When it comes to the long-term appeal of a video game adventure, in my opinion, there are two variations that determine such a style of play. The first is a sprawling adventure that takes you across different lands and presents an epic story. The second is playing within a smaller setting, yet one that requires you to learn and feel your way through its intricacies. I often find that the bigger epics hold your hand through its journey in order to show you everything that it has to offer, whereas the smaller excursions purposely set you off with no instruction on what to do, or makes you embark on an adventure blindly. Whatever its style, both of these elements can make for some exciting gameplay that makes each title play out over a long-term investment. Sunless Sea: Zubmariner Edition, developed and published by Failbetter Games and Digerati Distribution, is most certainly a game that falls into the latter category as it sets sail for a release upon the Nintendo Switch.
The story takes place in a fictional, steam-punk and Lovecraftian setting of Victorian London. Following the abduction of the capital city by a swarm of bats, London now finds itself within the dark realms of the Neath and, more importantly, lost within the oceans of the Unterzee. Playing as a seafaring captain, or zailor, it is your task to explore this dark and foreboding otherworldly place, taking charge of a sea vessel and setting sail to, not only achieve an ultimate goal, but to also piece together the mysteries and secrets of the Unterzee’s unforgiving ocean. Part roguelike, part survival and part interactive novel, you embark, blindly, through a voyage of discovery and horror.
When I say blindly set sail, I mean, you really, truly do, blindly set sail. The game holds nothing to set you up with what you must do to succeed. Instead, it offers you glimpses of your objectives and touches of hope in how to play the game; choosing to hide its many secrets, ocean layouts and the story that lies ahead. It sets the game up nicely with an air of tension and unknowing, although this in turn, does create a very slow-paced and slow-burning journey that only reveals itself over time, as long as you survive that is. What you do get though, is a choice of starting character; each one having their own personal backstory or objective to achieve. You can be a poet looking for inspiration or a lost son on a cause to recover your father’s bones; as well as a few select more.
Your choices are presented in the style of a novel, with a page of effective descriptives and a number of choices to determine your fate or path. In fact, this is a game that is very heavy with its textual narratives, which can, at first, be very disorientating. However, the narrative provides a very effective backdrop for your story; one that involves just as much imagination as it does reading. Some may find it a bit heavy, especially if you’re not into reading, but stick with it and it soon becomes a story that opens its pages and reveals a dark and foreboding adventure that begs to be explored. Once your choice of captain is made, you then commandeer a small, sailing vessel, as well as pick up a few tasks with which to set sail.

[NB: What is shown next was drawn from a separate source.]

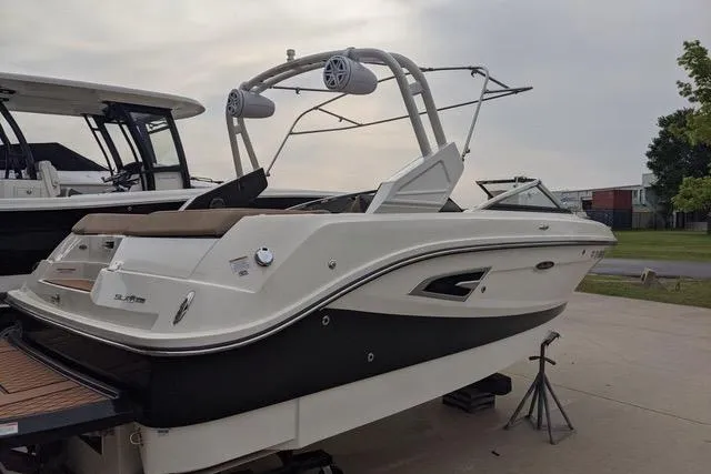 Freshwater / Great Lakes boat since new This 208 Sea Ray 230 SLX-W (Wake/Watersports) features a MerCruiser 6.2L TowSport V-Drive (370hp) with only 227 original hours, integrated 1920lb ballast system, Dynamic Running Surface, and a waterline bolt-on swim platform with SeaDek and an optional submersible swim step for enhanced water sports (Note Digital Throttle / Shift). Notable features include but are not limited to the following: Power Engine Hatch Lift, Canvas Package (Cockpit Mooring Cover, Convertible-Top), Also features an optional submersible manual swim platform, which folds down for easy water access, often with A telescopic ladder and a non-slip surface, Color Display at Helm, Premium Sound System, Inside racked stored when not in use, and MUCH more! No trailer

The game does all of this with no tutorial or idea on what you are supposed to do, how to control your vessel or where you are supposed to navigate to. Sure, you’ve got an objective and a name of port you need to sail to, but the ocean map is hidden until discovered and certain controls only reveal themselves when needed. It creates a need for a cautious approach and it’s in this style that the whole game needs to be approached; whence its very deliberate slow pacing. Sail into the unknown and you’ll meet your demise for sure. In fact, if you’re not careful, you’ll meet your maker many times before anything begins to make any sense to you. But don’t let that detract you from what awaits within this journey.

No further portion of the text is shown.